## [DIRECTIONS FOR THIS TASK]
Every line from the one with "Düğmeli, yırtık detaylı" up to and including the one with "Wiosna Jazzowa to" is to be output exactly as it appears below; pictures are not.

(Records from a dataset)

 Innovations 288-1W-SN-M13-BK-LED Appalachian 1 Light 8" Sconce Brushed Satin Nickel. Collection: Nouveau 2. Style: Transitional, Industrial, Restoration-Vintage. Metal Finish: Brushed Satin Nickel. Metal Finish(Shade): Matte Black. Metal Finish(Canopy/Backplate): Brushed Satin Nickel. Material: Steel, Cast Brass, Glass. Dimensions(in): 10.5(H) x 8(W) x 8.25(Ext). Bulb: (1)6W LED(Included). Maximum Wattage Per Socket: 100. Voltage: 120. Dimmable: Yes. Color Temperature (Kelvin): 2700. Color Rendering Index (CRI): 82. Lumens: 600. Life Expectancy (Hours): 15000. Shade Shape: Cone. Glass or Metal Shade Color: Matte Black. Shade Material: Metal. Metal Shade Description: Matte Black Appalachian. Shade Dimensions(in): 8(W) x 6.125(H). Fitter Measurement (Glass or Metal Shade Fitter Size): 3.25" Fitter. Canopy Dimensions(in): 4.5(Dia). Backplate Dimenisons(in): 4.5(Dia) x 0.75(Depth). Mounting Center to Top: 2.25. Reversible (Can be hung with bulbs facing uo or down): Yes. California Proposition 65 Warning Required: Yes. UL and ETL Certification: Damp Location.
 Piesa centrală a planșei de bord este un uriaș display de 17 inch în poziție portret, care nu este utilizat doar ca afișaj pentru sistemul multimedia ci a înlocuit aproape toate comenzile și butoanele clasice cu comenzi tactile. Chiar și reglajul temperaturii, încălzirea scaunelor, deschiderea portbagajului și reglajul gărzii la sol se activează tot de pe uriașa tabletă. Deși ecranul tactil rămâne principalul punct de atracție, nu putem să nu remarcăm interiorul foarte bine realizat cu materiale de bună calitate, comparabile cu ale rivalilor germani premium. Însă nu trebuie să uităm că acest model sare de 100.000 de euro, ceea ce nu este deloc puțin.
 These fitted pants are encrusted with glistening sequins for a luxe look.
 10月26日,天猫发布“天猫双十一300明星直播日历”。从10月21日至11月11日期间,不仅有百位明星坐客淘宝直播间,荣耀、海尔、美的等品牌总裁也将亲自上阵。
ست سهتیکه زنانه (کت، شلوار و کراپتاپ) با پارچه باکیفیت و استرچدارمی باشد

---

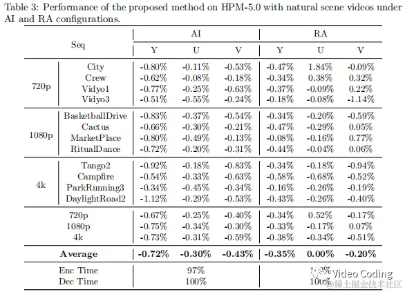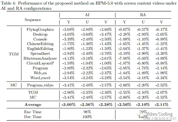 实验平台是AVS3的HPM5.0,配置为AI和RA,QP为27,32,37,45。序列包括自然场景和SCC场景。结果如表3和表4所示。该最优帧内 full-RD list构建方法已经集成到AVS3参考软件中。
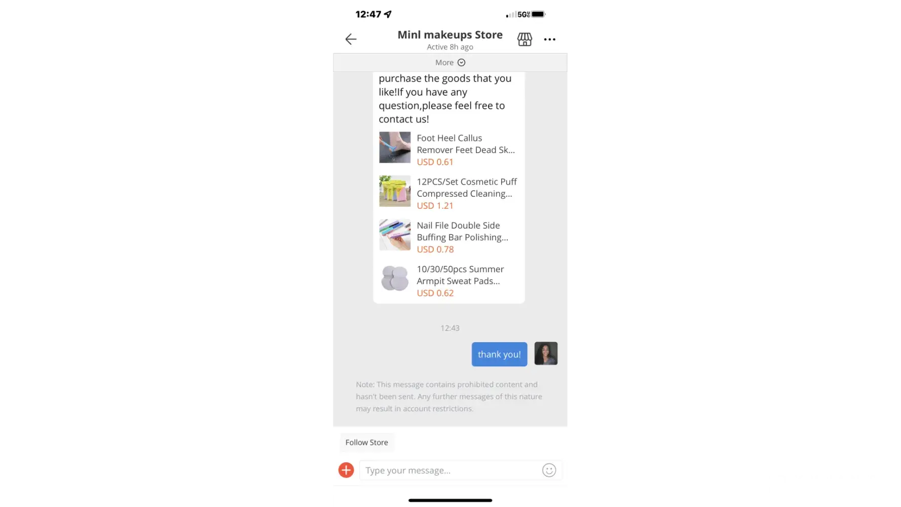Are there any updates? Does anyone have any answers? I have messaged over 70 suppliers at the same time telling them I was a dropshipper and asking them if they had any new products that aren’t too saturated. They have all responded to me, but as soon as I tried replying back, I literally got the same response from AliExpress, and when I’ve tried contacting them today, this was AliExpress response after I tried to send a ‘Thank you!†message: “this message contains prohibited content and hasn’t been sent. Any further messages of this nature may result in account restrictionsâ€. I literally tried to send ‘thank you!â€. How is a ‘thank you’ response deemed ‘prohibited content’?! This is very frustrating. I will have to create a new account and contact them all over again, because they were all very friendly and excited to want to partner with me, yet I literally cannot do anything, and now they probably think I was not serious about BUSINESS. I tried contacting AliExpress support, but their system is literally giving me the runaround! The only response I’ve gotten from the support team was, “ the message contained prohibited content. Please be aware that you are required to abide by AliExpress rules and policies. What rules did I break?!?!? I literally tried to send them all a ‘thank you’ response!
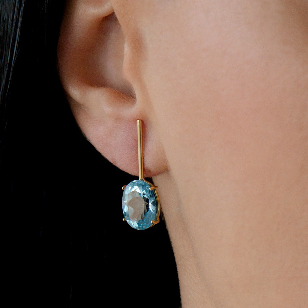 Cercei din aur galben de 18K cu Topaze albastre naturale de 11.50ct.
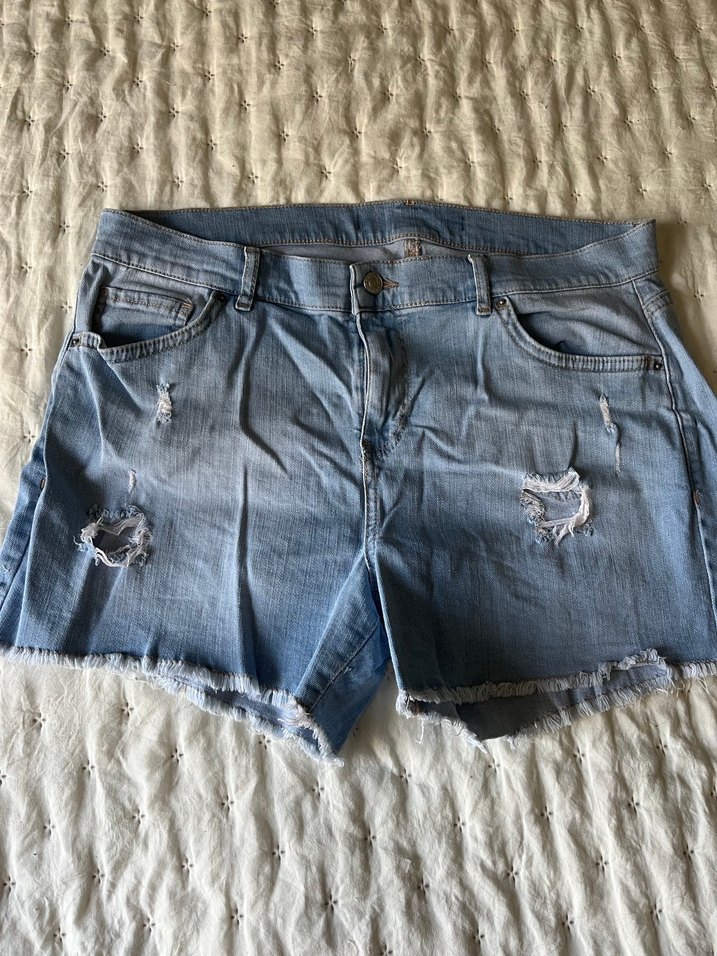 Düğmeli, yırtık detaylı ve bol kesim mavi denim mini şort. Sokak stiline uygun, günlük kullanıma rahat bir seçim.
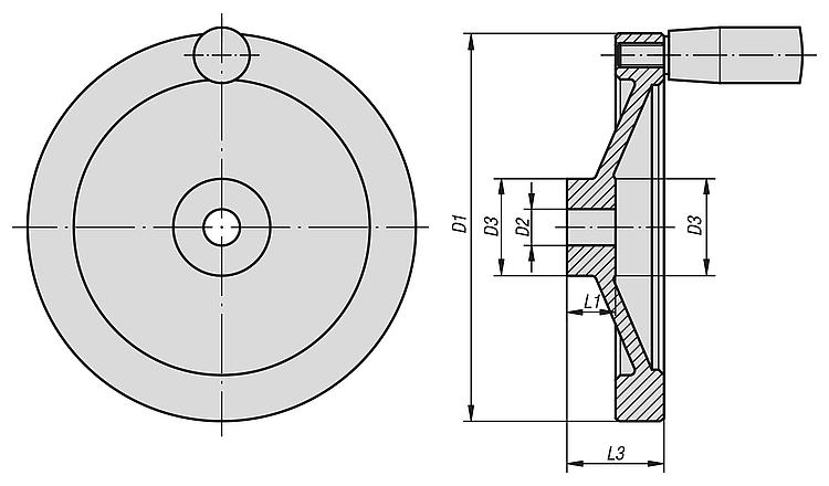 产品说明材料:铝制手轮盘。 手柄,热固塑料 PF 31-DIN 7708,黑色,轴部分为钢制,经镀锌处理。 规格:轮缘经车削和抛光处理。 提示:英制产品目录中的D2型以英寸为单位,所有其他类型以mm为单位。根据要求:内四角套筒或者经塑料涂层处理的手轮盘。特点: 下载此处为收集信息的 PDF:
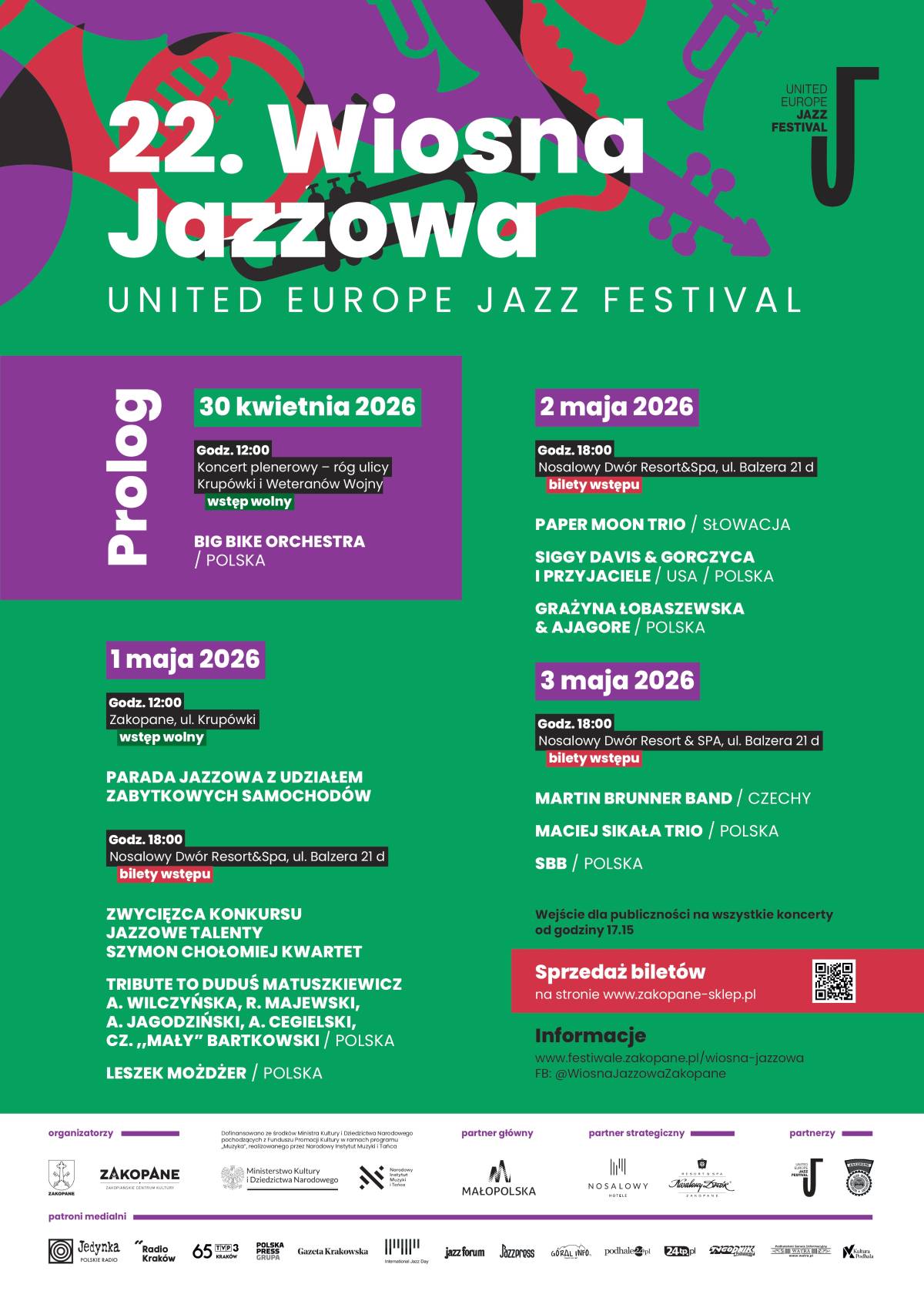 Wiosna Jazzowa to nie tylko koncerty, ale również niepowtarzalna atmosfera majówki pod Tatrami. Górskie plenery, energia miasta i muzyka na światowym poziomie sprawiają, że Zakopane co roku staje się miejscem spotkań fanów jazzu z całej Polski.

## [RESPONSE TO THIS TASK]
 Düğmeli, yırtık detaylı ve bol kesim mavi denim mini şort. Sokak stiline uygun, günlük kullanıma rahat bir seçim.
 产品说明材料:铝制手轮盘。 手柄,热固塑料 PF 31-DIN 7708,黑色,轴部分为钢制,经镀锌处理。 规格:轮缘经车削和抛光处理。 提示:英制产品目录中的D2型以英寸为单位,所有其他类型以mm为单位。根据要求:内四角套筒或者经塑料涂层处理的手轮盘。特点: 下载此处为收集信息的 PDF:
 Wiosna Jazzowa to nie tylko koncerty, ale również niepowtarzalna atmosfera majówki pod Tatrami. Górskie plenery, energia miasta i muzyka na światowym poziomie sprawiają, że Zakopane co roku staje się miejscem spotkań fanów jazzu z całej Polski.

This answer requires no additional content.